Second, we investigated whether the DEGs were genetically regulated by eQTLs. More than 81% of the DEGs between the cultivars and landraces were associated with at least one eQTL, which is significantly greater than the percentage associated with the genome-wide background (57%; two-proportion z-test, p value < 2.2 × 10–16) (Fig. 6a and Supplementary Fig. 7a). In addition, 94% of the DEGs between MCCs and USMCs were linked to eQTLs, suggesting that expression divergence between these breeding programs is driven largely genetically. The strong enrichment of eQTL-regulated DEGs across comparisons highlights the role of breeding selection in shaping transcriptional landscapes. Consistently, uniform manifold approximation and projection (UMAP)-based dimensionality reduction using these DEGs clearly separated the sub-populations, indicating that transcriptomic variation mirrors the underlying genetic structure (Fig. 6b, c).

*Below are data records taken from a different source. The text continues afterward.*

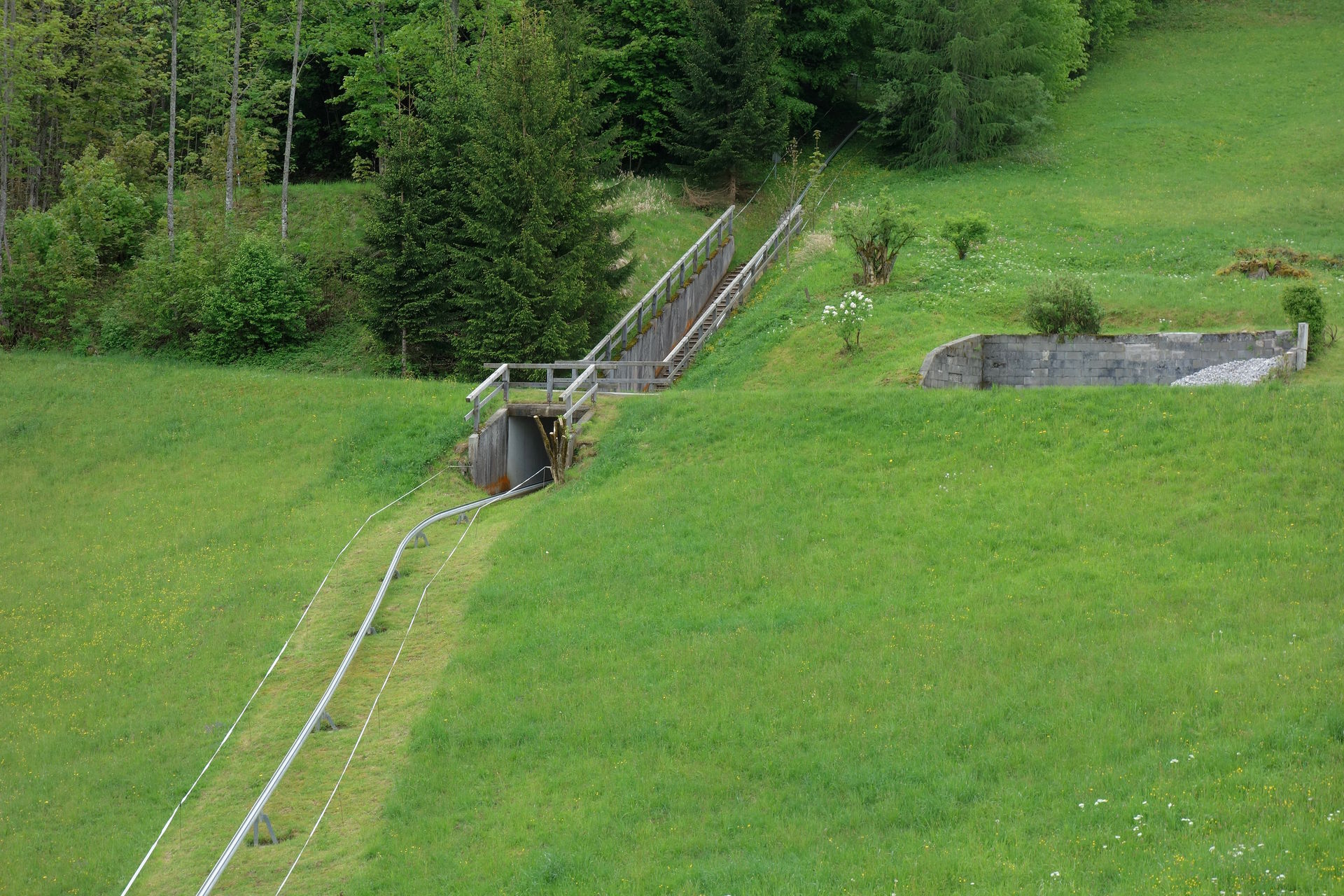 Nach einem letzten Steilstück samt Unterführung rollt man schließlich auf der grünen Wiese im Tal aus.
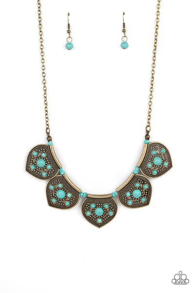 Rounded spade-shaped plates of brass are filled with studded texture, creating dizzying detail. Small turquoise stones separate each brass plate and are nestled among the raised dots, with tiny embossed leaves added to complement the natural stone elements. Features an adjustable clasp closure. As the stone elements in this piece are natural, some color variation is normal.
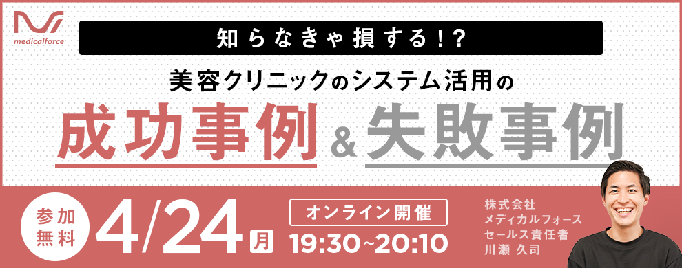 【無料ウェビナー開催のお知らせ】 4/24(月)19:30~ | 美容クリニックのシステム活用の成功事例&失敗事例
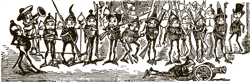 Раздав всем оружие, главнокомандующий Скок приказал Вертушке трубить сбор и стал объяснять новоиспечённым воинам, как следует заряжать ружьё и как стрелять.
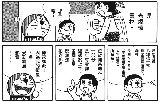 另外,本作也是出木杉在“大长篇”中首次出场,不过他并没有参与冒险,只是为大雄讲解了“烟鬼森林”,而出木杉这一工具人的作用,也在之后大长篇中经常出现。
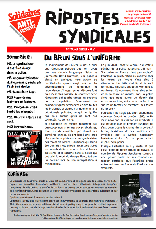 Bulletin d’information du groupe de travail Ripostes syndicales face à l’extrême-droite de l’union syndicale Solidaires.
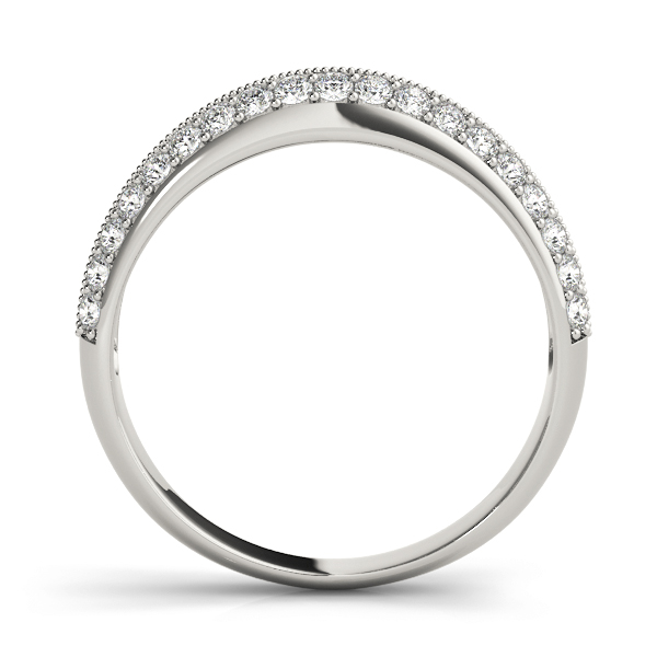 14k White Gold Wedding Band with 38 – .01PT Round Stones, equal to 3/8 carats total weight. This ring has an optional matching Engagement Ring. Can be customized to fit any stone and in any material. Please contact Ronelli Corp for custom orders and modification information, as pricing may vary.
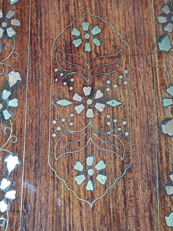Plateau en bois avec marqueterie en laiton et cuivre rouge. XXEME Siècles. Longueur: 47cm Largeur: 30cm.
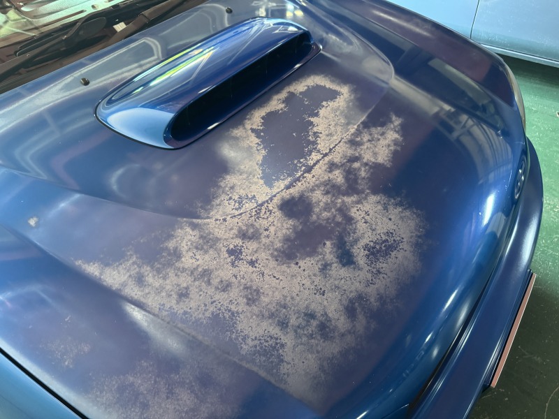 クリアーも剥がれ、塗装がやれている部分が下地まで到達している場合だと、下地の部分よりも削り切ってから塗装をすることになります。ボンネットの場合は着脱ができるので剥離をし、下地作業を行なってから塗装をすることが多いです。
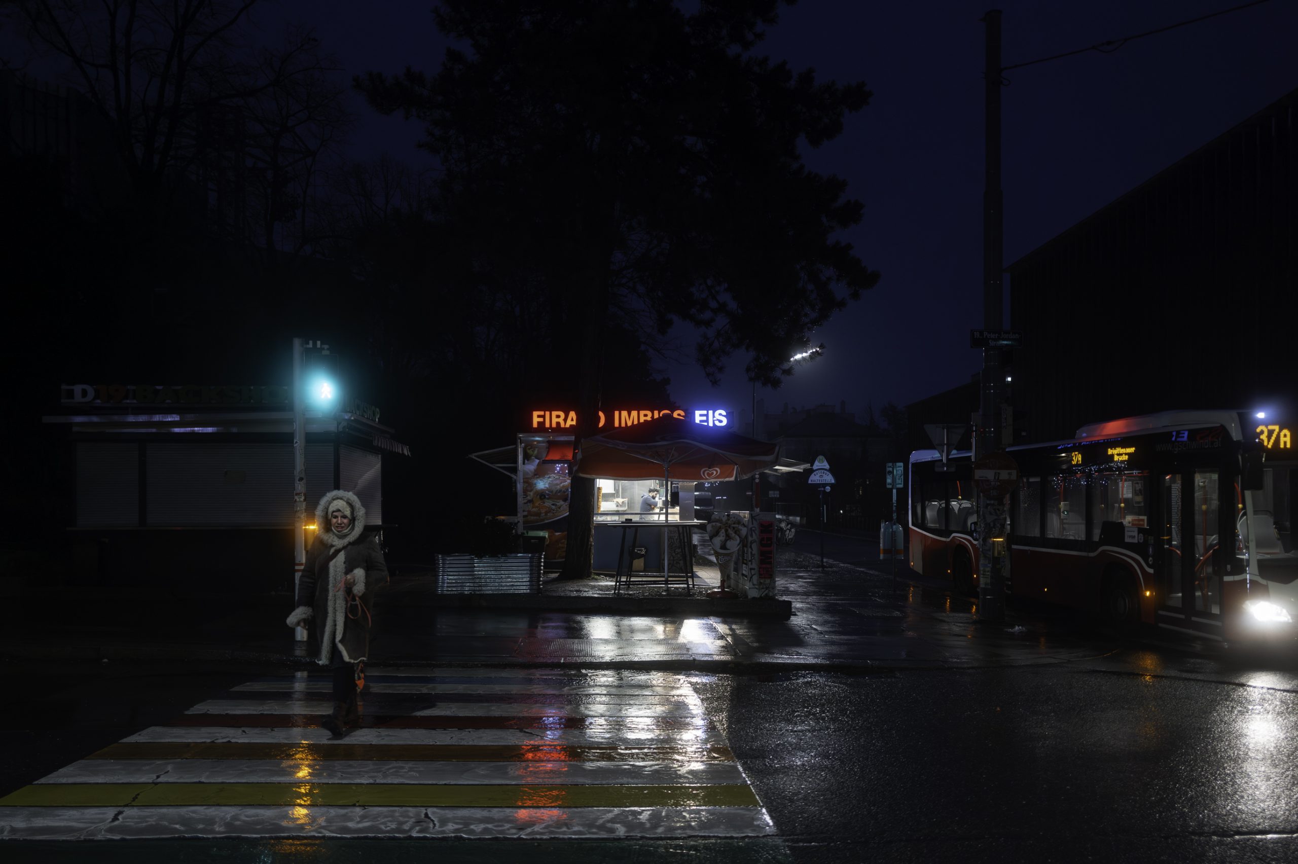 Licht auf nassem Asphalt. Ein Blick im Vorbeigehen.
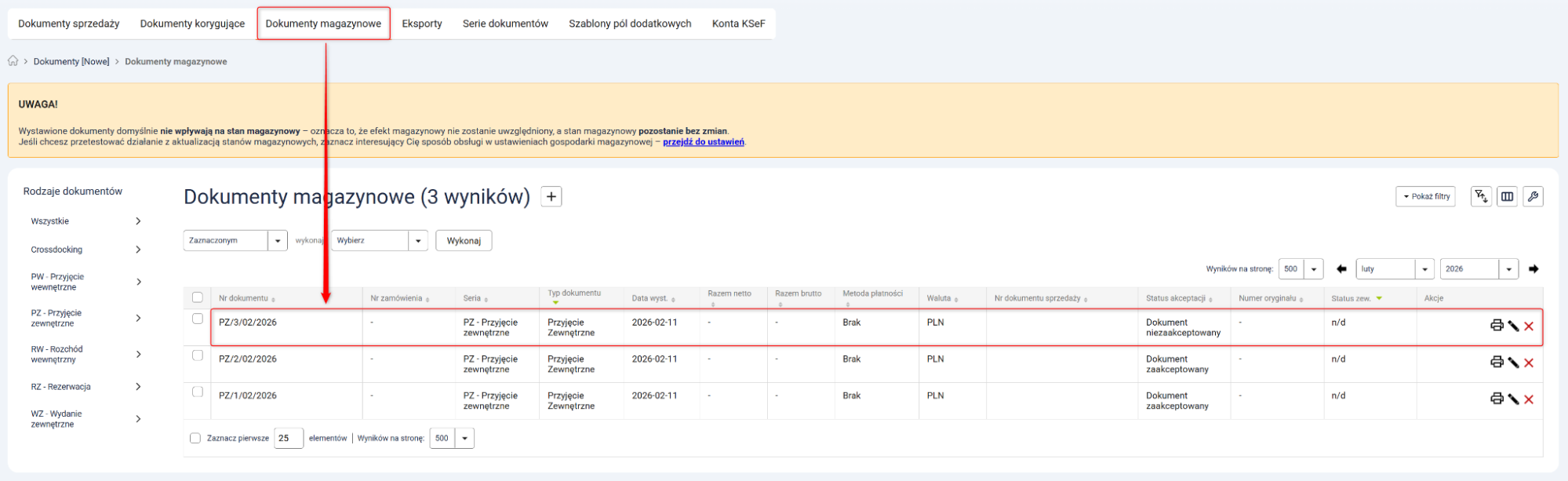 1. Przejdź do Dokumenty [Nowe] → Dokumenty magazynowe → Nowy, niezaakceptowany dokument PZ.

To further dissect the transcriptional trajectories shaped by breeding in China and the United States, the DEGs were classified into eight co-expression modules (Fig. 6d). Modules M1 represent 31 genes whose expression is up-regulated exclusively in Chinese cultivars but down-regulated in American cultivars; and M2 represent 32 genes whose expression is up-regulated exclusively in American cultivars but down-regulated in Chinese cultivars, suggesting that the breeding directions of wheat in China and the United States do not significantly differ. Modules M3 and M4 contained genes whose expression was consistently upregulated or downregulated, respectively, in both MCCs and USMCs compared with that in landraces (LRs). The genes in M3 were enriched for abiotic stress and water response pathways, suggesting a shared emphasis on increasing stress resilience at the seedling stage. Conversely, M4 genes were enriched for secondary metabolism and cell wall organization, reflecting potential growth-defense trade-offs selected during modern breeding. Cloned genes within these modules reinforced these functional distinctions. M3 includes Lr34, TaAGL22, VRN2, SVP1, and WRKY45, which regulate environmental responses and flowering time52,53,54,55,56,57,58. M4 contained TaSnRK2.3-1 A, FUL2, VRN1, VRN3, and TaSuSy4, which are associated with flowering induction and secondary metabolism (Fig. 6d)6,59,60. VRN2 was upregulated in cultivars, whereas VRN1 and VRN3 were downregulated, which is consistent with a shift from spring wheat, predominantly in landraces, to winter wheat in modern cultivars61 (Supplementary Figs. 18 and 19). These findings were also validated using 1,034 accessions from previously published datasets5 (Supplementary Fig. 20). This trend reflects a breeding-driven transition toward a winter growth habit, which allows vernalization-dependent flowering and improved nutrient accumulation, thereby contributing to increased yield potential62,63.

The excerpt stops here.